Ritten district heating plant – potential study & implementation of BCS suite

Potential study instead of major investment – tapping into hidden reserves
Thanks to the combination of sound analysis and intelligent control, the growth of the district heating network could be fully managed with the existing infrastructure – economically, climate-friendly and without additional boiler investments.

The challenge

Continuous annual growth in connected load in the district heating network
Avoidance of fossil peak load (oil) for climate and cost reasons
Ensuring economically attractive electricity generation
Uncertain energy price and subsidy conditions make long-term investment decisions difficult
Risk of premature, capital-intensive major investments

Objective

The aim of the potential study was to create a sound basis for decision-making for the future development of the Ritten district heating plant. The aim was to show how the increasing heat demand of the growing district heating network can be met reliably, economically and in a climate-friendly manner without rashly investing in new, capital-intensive generation capacities.

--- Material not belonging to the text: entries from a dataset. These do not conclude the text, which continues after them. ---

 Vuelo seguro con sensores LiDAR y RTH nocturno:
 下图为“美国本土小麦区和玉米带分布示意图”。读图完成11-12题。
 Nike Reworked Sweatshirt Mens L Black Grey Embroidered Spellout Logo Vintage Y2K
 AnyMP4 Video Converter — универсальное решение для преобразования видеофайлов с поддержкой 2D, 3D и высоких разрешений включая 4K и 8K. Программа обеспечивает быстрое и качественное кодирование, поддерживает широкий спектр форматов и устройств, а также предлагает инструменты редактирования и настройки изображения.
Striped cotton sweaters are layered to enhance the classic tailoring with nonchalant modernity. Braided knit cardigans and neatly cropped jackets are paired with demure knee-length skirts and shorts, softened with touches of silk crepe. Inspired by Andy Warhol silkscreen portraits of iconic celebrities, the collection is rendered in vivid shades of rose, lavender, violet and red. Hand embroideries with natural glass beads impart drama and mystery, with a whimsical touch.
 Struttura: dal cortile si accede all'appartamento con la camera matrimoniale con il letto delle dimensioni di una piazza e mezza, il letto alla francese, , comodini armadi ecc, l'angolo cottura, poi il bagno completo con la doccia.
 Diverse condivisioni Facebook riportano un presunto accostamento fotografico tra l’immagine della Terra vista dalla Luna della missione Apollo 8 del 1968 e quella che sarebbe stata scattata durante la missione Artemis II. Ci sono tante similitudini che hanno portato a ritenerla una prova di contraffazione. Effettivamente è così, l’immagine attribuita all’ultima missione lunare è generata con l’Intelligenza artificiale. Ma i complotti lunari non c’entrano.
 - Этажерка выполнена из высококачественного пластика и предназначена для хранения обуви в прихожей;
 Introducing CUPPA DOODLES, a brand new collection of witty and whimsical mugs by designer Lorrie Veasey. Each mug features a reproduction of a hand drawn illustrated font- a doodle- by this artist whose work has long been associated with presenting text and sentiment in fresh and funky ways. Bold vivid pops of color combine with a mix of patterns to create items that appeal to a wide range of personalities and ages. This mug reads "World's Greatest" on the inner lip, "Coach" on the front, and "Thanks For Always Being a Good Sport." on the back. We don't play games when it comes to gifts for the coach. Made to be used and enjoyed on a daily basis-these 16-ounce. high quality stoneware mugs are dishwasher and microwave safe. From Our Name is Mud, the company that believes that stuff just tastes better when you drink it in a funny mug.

Creation of a reliable basis for decision-making for future development
Analysis of how the increasing demand for heat can be reliably covered in the long term
Identification of unused performance and efficiency reserves
Avoidance of premature, capital-intensive investments
Ensuring an economical and climate-friendly heat supply while maintaining electricity generation
Development of a flexible, step-by-step expansion path

Results

The analyses show that the existing biomass plant has considerable unused capacity reserves. Targeted operational and control technology optimizations can achieve a heat output of around 5.5 MW with a total boiler output of around 6.5 MW, while at the same time maintaining simultaneous electricity production of around 960 kWel. (see figure Boiler output reserves)

The existing buffer storage tank is basically sufficiently dimensioned, but has not been used optimally to date.

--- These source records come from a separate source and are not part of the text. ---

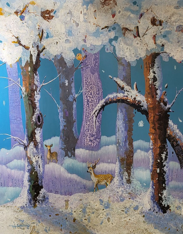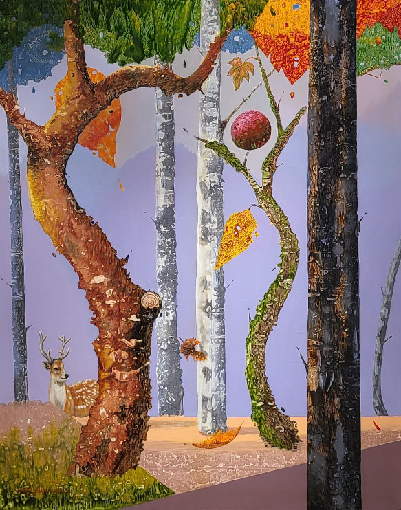 "그래서 전은순의 숲은 낮에 자고 밤에 깨어난다. 이렇듯 전은순의 숲은 손상되지 않은 아름다운 자연이요, 적막하고 평화롭지만 반면에 시간과 계절을 쉽게 파악할 수 없는 신비롭고 모호한 장소이다. 까닭에 그의 회화는 ‘경이’의 아름다움을 추구하는 또 다른 버전이라 여겨진다." -유근오 미술평론글에서 발췌
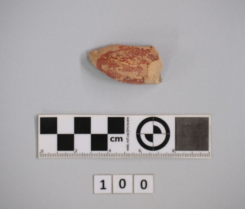 Fragment of rim of lamp and root of nozzle. Thick red slip. Burnt at core.
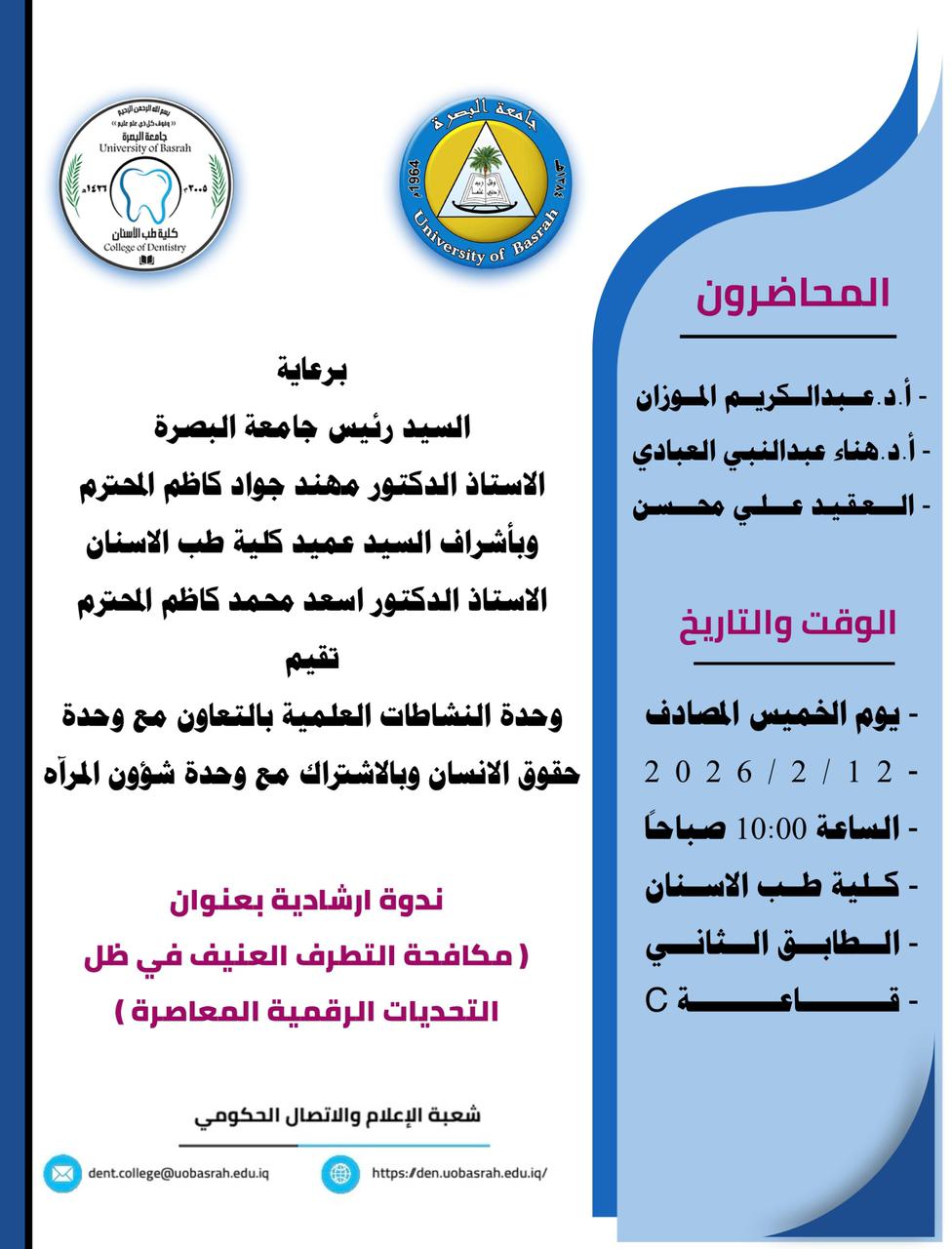 تقيم كلية طب الاسنان ندوة ارشادية بعنوان (مكافحة التطرف العنيف في ظل التحديات الرقمية المعاصرة)

With optimized control, the majority of the additional heat demand can be covered by the existing system for all but a few weeks per year. It is not necessary to immediately build a large additional biomass boiler.

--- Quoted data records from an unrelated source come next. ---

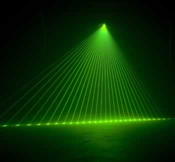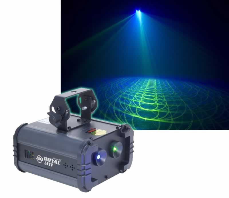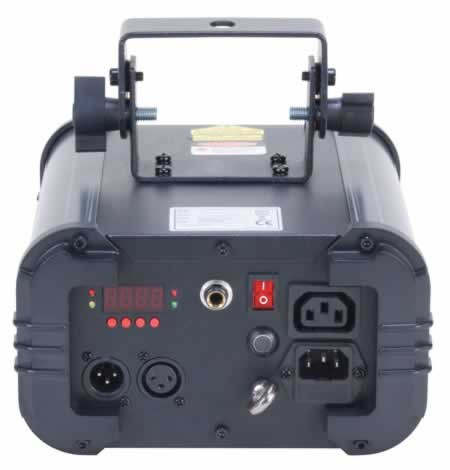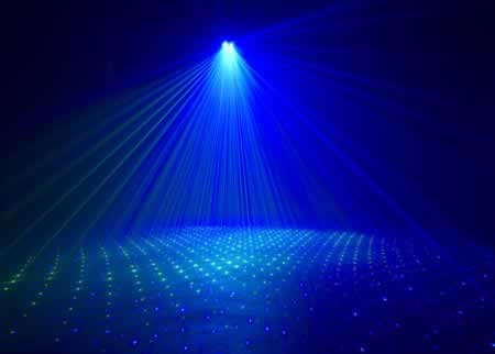 Laser projector that creates blue and green patterns that rotate back and forth. 30mW Green and 350mW Violet-Blue. Master/slave, DMX and sound activation modes available.
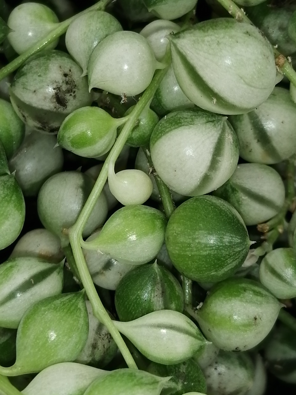 Le sue foglie carnose ricordano i grani del rosario, il che è valso alla pianta questo curioso soprannome. questa selezione è variegata di crema e viene chiamata anche string of pearls.
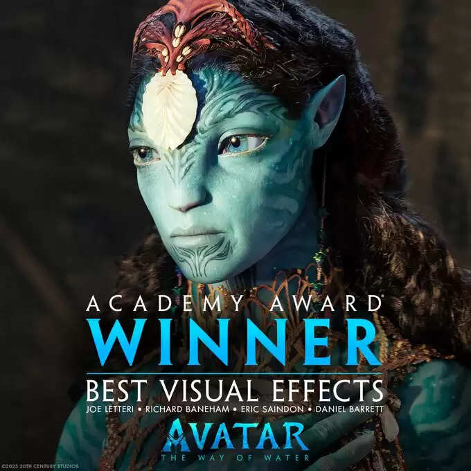சிறந்த Visual Effects பிரிவில் ஆஸ்கர் விருதை வென்றது ‘அவதார் தி வே ஆஃப் வாட்டர்’ படம். ஜோ லெட்டரி, ரிச்சர்ட் பேன்ஹன், எரின் சேண்டன், டேனியல் பேரட் ஆகியோர் ஆஸ்கர் விடுதினை பெற்றுக்கொண்டனர்..
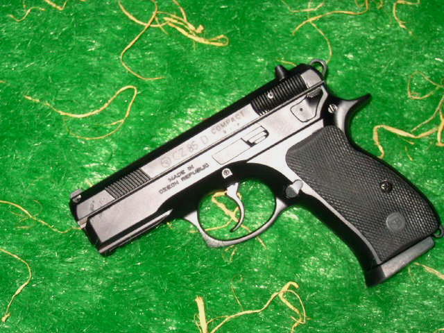 CZ 75 D COMPACT其实就是CZ 75 P-01型,所以与普通的CZ 75紧凑型相比,取消了手动保险功能,但有待击解脱杆,底把前下方有附件导轨。CZ 75 D紧凑型还有一种.40口径的型号,这个型号称为CZ 75 P-06。

The Ritten bioenergy district heating plant is a cooperative in Klobenstein. The plant supplies households and businesses on the Ritten with district heating from biomass. Image source: Ritten district heating plant

Implementation

For the practical implementation of the optimization potential identified in the potential study, a higher-level, integrated control system (^BCS® Suite) was implemented at the Ritten district heating plant. The aim was to design the existing plant technology in such a way that increasing network loads can be reliably managed without additional boiler investments.

Core of the implementation: Introduction of the ^BCS® Suite

With the ^BCS® Suite, the existing plant was given a central, higher-level control system consisting of three closely interlinked modules: firing rate control (FLR), buffer storage management (PSM) and load hierarchy management (LHM)

These modules work on a model-based and automated basis, which means that the system can be operated safely, efficiently and with foresight even with highly fluctuating load profiles.

Operational impact of implementation

Today, the plant can serve a connected load of just under 19 MW with a pure boiler output of around 5.4 MW.
The buffer storage tank is used specifically to cover peak loads; the oil boiler is only used for maintenance purposes.
Operation is largely automated and stable (“autopilot operation”), which significantly reduces ongoing personnel costs.
The previously considered construction of a second biomass boiler could be permanently avoided.